Tribunal Administratif de Montpellier — Décision N° TA34-2203796

mercredi 24 avril 2024

JuridictionTribunal Administratif de Montpellier
SectionTribunal Administratif de Montpellier
N° DossierTA34-2203796
TypeDécision
RecoursPlein contentieux
PublicationC
FormationPrésident BESLE
Avocat requérantVICTOR AVOCAT

Texte intégral

Vu la procédure suivante :

Par une requête, enregistrée le 6 juillet 2022, Mme B C doit être regardée comme demandant au tribunal d'annuler la décision du 21 juin 2022 par laquelle la caisse d'allocations familiales de l'Aude ne lui a accordé qu'une remise partielle d'un montant de 6 068,09 euros sur un indu de prime d'activité d'un montant de 8 090,78 euros.

Elle soutient qu'elle se trouve dans une situation précaire et qu'elle est de bonne foi.

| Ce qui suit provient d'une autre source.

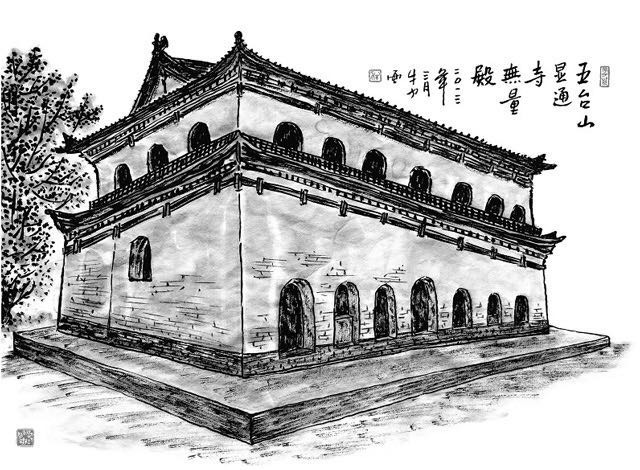 无量殿通体白色,四壁全用青砖砌成。殿顶是重檐歇山式,用方木殿内无大梁、无立柱,殿外无廊檐,因此人们又叫它“无梁殿”。
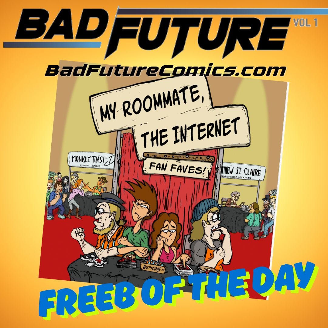So I started with a book of mine (SIREN’S SONG) and so to come full circle, I’m giving the best of collection ofa webcomic I created with artist Alexander Neish, MY ROOMMATE THE INTERNET, about living with someone with typifies everything annoying about the internet. Though intended as silly fun, time has given an odd dystopian twist to this comic, as it captures a time when our online life was merely annoying instead of downright toxic.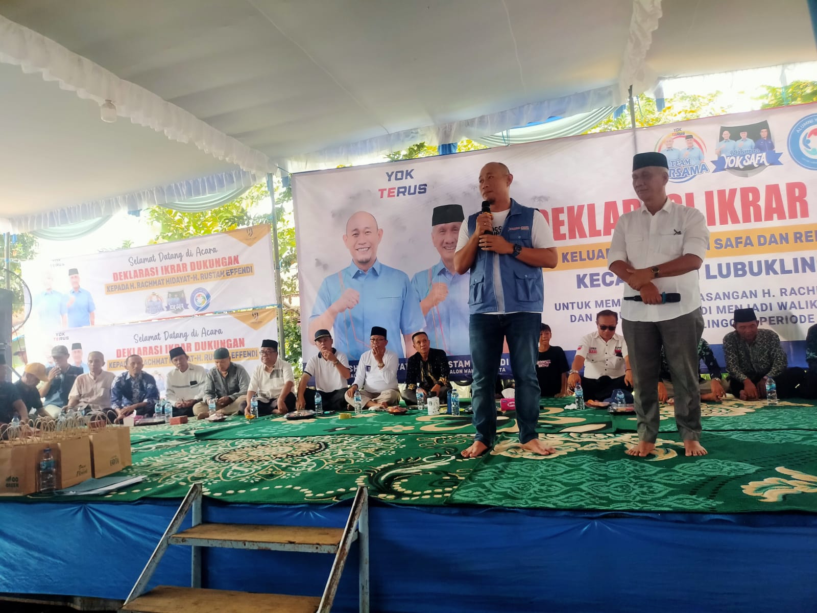 Berta, salah satu pendukung dalam deklarasinya menyampaikan bahwa dirinya bersama dengan warga yang hadir bertekad untuk memenangkan H. Rachmat Hidayat dan H. Rustam Effendi menjadi Wali Kota dan Wakil Wali Kota Lubuk Linggau.

Par un mémoire en défense, enregistré le 25 mars 2024, la caisse d'allocations familiales de l'Aude, représentée par Me Font, conclut au rejet de la requête et à ce que soit mis à la charge de Mme C la somme de 500 euros sur le fondement de l'article L. 761-1 du code de justice administrative.

Il fait valoir que :

- l'indu de prime d'activité est fondé ;

- la situation de précarité de la requérante n'est pas établie ; en tout état de cause des remises partielles de dette ont déjà été accordées à la requérante.

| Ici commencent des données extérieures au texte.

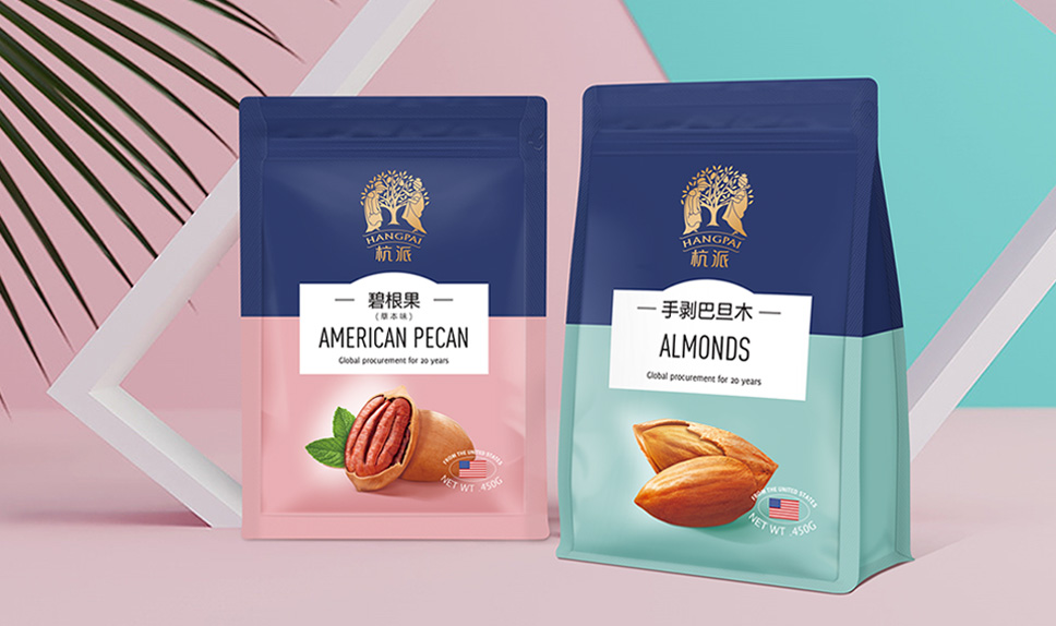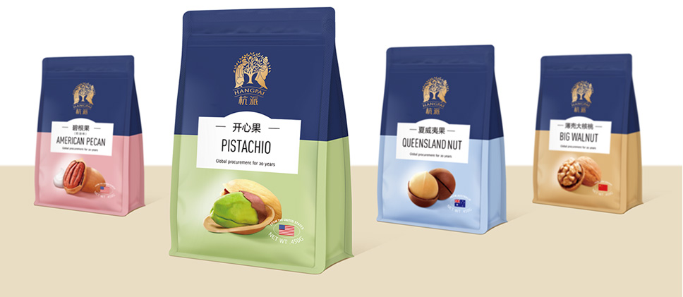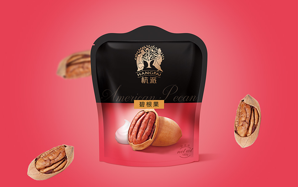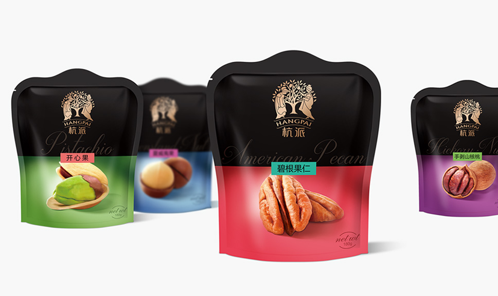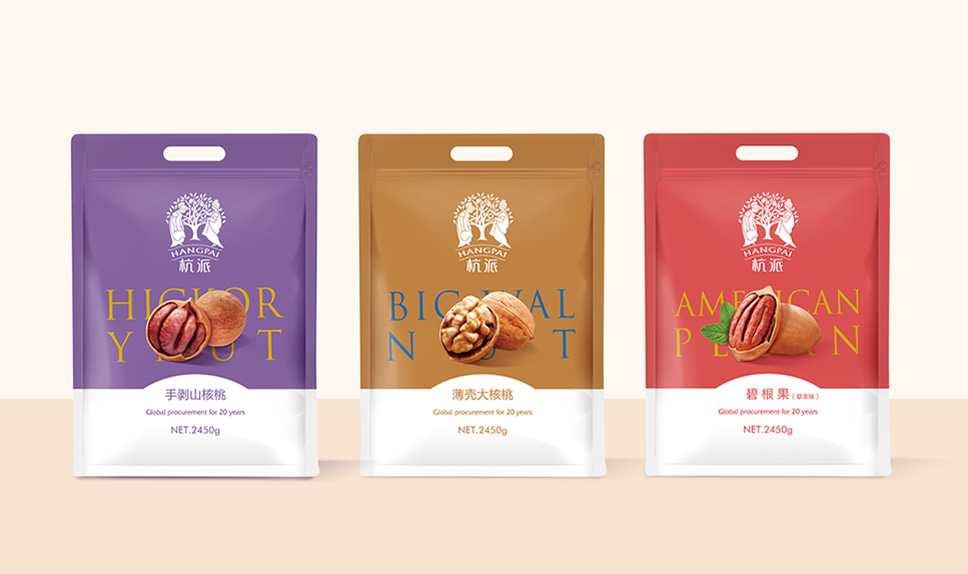 李華清項(xiàng)目團(tuán)隊(duì)將書(shū)手抓包采用透明pe袋,能讓消費(fèi)者直觀看到堅(jiān)果實(shí)物,飽滿(mǎn)的堅(jiān)果,甚至能透過(guò)包裝袋就能感受到香氣四溢出來(lái),營(yíng)造消費(fèi)者心里的滿(mǎn)足感和食欲感,增加受眾對(duì)品質(zhì)的信任度。同時(shí)核心視覺(jué)元素延用杭派戰(zhàn)略資產(chǎn),達(dá)到包裝視覺(jué)聚焦的效果,在終端的不斷市場(chǎng)傳播中,形成杭派強(qiáng)有力的品牌資產(chǎn)。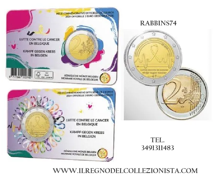 2 EURO BELGIO 2024 COINCARD VERSIONE OLANDESE FDC LOTTA CONTRO IL CANCRO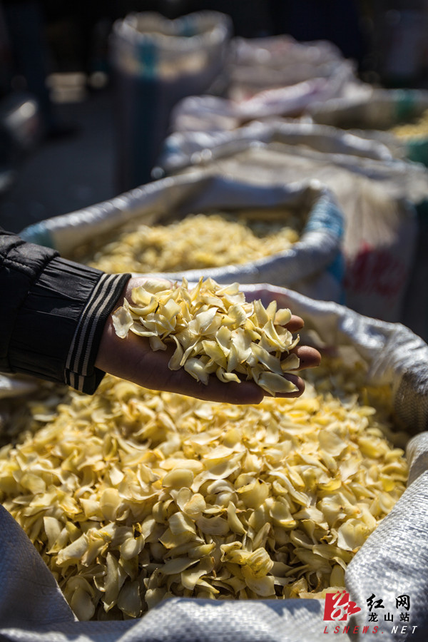 12月20日,龙山县洗洛乡百合市场,在等待销售的百合干片。
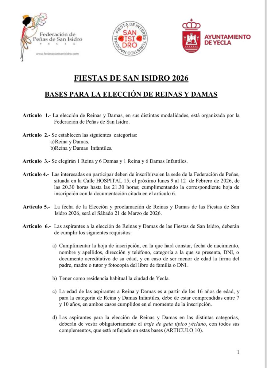 BASES PARA ELECCIÓN DE REINAS Y DAMAS 2026
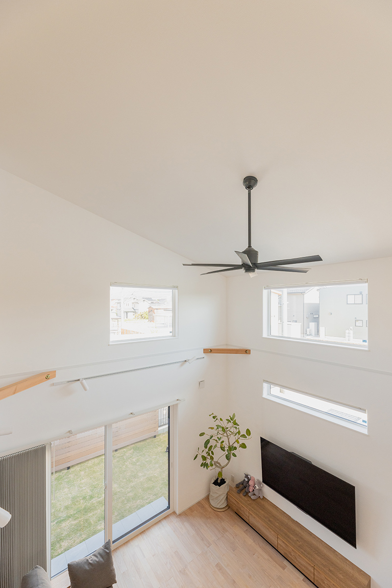 吹き抜けに合わせて大きく縁どられた窓からは沢山の自然光を取り込むことができ、リビングを優しい光で照らします。

Vu les autres pièces du dossier.

Vu :

- le code de la sécurité sociale ;

- le code de justice administrative.

Le président de la formation de jugement a dispensé le rapporteur public, sur sa proposition, de prononcer des conclusions à l'audience.

Les parties ont été régulièrement averties du jour de l'audience.

Le rapport de M. A a été entendu au cours de l'audience publique.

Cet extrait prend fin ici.